Вскоре после смерти жены Владимир Иванович Силин запил. Если раньше, случалось, он брал под выходной чекушку за три пятнадцать и этим ограничивался, выпивал и, добродушно ухмыляясь, ходил по палисаднику, а потом укладывался спать, — то сейчас его было не узнать. Времена были строгие, за опоздания или прогул полагался суд. Его спасали как могли. Перевели из инструментальной мастерской в разнорабочие — прогулял три дня, и все-таки был суд, опять как-то спасли, дали отпуск… Потом уволили «по состоянию здоровья». Пить он продолжал вмертвую, и день начинался с того, что он шел на барахолку, прихватив из дома какие-нибудь вещи — жены или свои. Наконец он продал и пропил Володькино пальто, которое справили ему к нынешней весне…

Из города в Липки он возвращался под вечер, и всегда с одной и той же песней: «Не брани меня, родная, что я так его люблю…» Его шатало, кидало из стороны в сторону. Женщины у колодца печально глядели на него. Они жалели Силина — какой мастер был! Да что мастер — тихий был человек, семейный, и при этом каждая думала о себе, о том, что, случись такое с нею, муж быстро найдет себе бабу и утешится, а этот вот спился от горя, от любви, и судить его за это просто грех… «Не брани меня, родная…» Он падал, женщины поднимали его и доводили до дома. Силин начинал плакать и звать жену — это было тоже страшно, и женщины шли обратно, к колодцу, вытирая слезы.

Ни Владимира, ни Кольку он даже не замечал, словно забыл об их существовании.

Первое время ребята еще перебивались — были домашние запасы, да и соседи помогали, но вскоре им пришлось совсем туго.
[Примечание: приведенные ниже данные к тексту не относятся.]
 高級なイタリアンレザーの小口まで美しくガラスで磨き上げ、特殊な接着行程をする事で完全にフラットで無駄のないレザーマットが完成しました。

Как-то раз старший Рогов, возвращаясь с работы домой, сделал крюк и зашел в кондитерский магазин «Фантазия», открытый недавно на одной из центральных улиц. Это было правило: с получки покупать младшим кулек недорогих конфет. В том году впервые появились латвийские конфеты «Лайма», дешевые и в ярких обертках. Он купил полкило «Лаймы», вышел, и кто-то тронул его за рукав.

— Дяденька, дайте фантик.

Колька глядел на него, еще не узнавая, и вдруг начал медленно отступать.
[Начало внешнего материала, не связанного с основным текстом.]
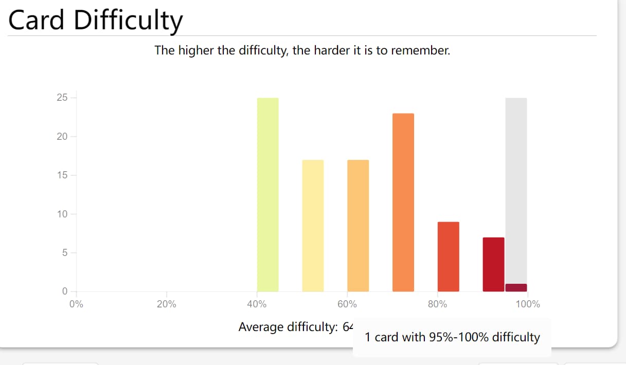 The “95% -100%” section of the card difficulty chart does not include the number of cards with a difficulty of 100%. The chart shows one, but I clicked in four.

— Зачем фантик? — сказал Рогов. — Держи конфеты.

— Нет, — пробормотал вконец смутившийся Колька. — Мне только фантик…

— Брось, — тихо сказал Рогов, протягивая руку. — Идем-ка, парень. Одними фантиками жив не будешь. Идем, идем…
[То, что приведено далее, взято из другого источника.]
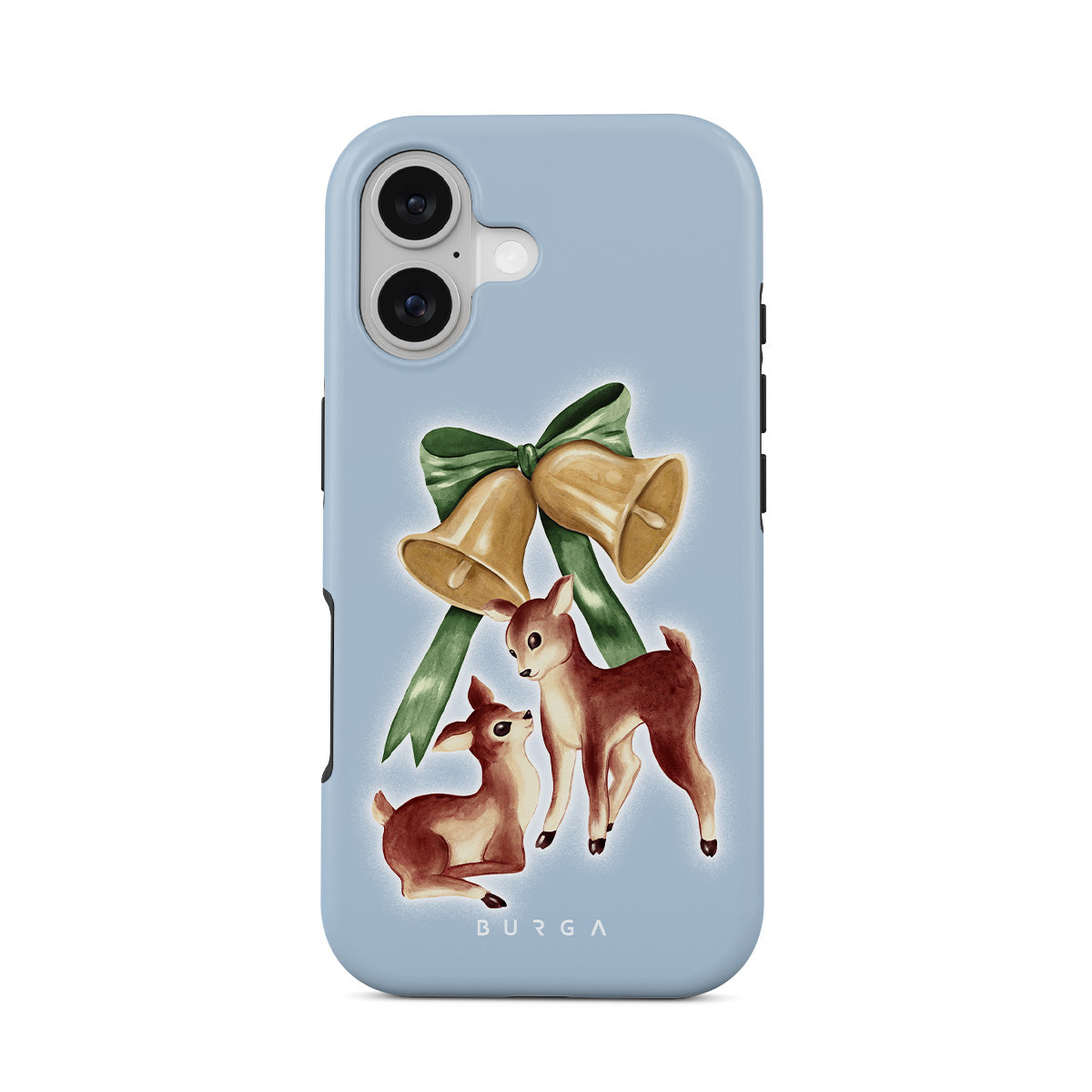 En este diseño: reno vintage, campanas de Navidad, campanas doradas, ilustración retro de reno, ciervo bebé, fondo azul claro

Они шли молча, и Рогов думал, до чего же хитро придумано: ребенок просит фантик — чего тут худого, все они что-либо собирают, но кто, выходя с покупкой, даст фантик без конфеты? Он никогда не понимал, что значит «щемит душу», — сейчас у него именно щемило душу, боль была почти физической. Она не отпускала его, пока они шли, и когда жена налила Кольке большую тарелку щей, и когда тот начал медленно есть (а Рогов видел, что это нарочитая медлительность, что Кольке эта тарелка на минуту), и когда у мальчишки после еды стали сонные глаза. Надо было еще проверить свою догадку, и Рогов сказал:

— А конфеты почему не берешь?

— Не хочется, — сказал Колька.

— У тебя что же, своих много?

Колька сунул руку в карман, вынул целую пригоршню, потом еще… Насобирал там, возле «Фантазии».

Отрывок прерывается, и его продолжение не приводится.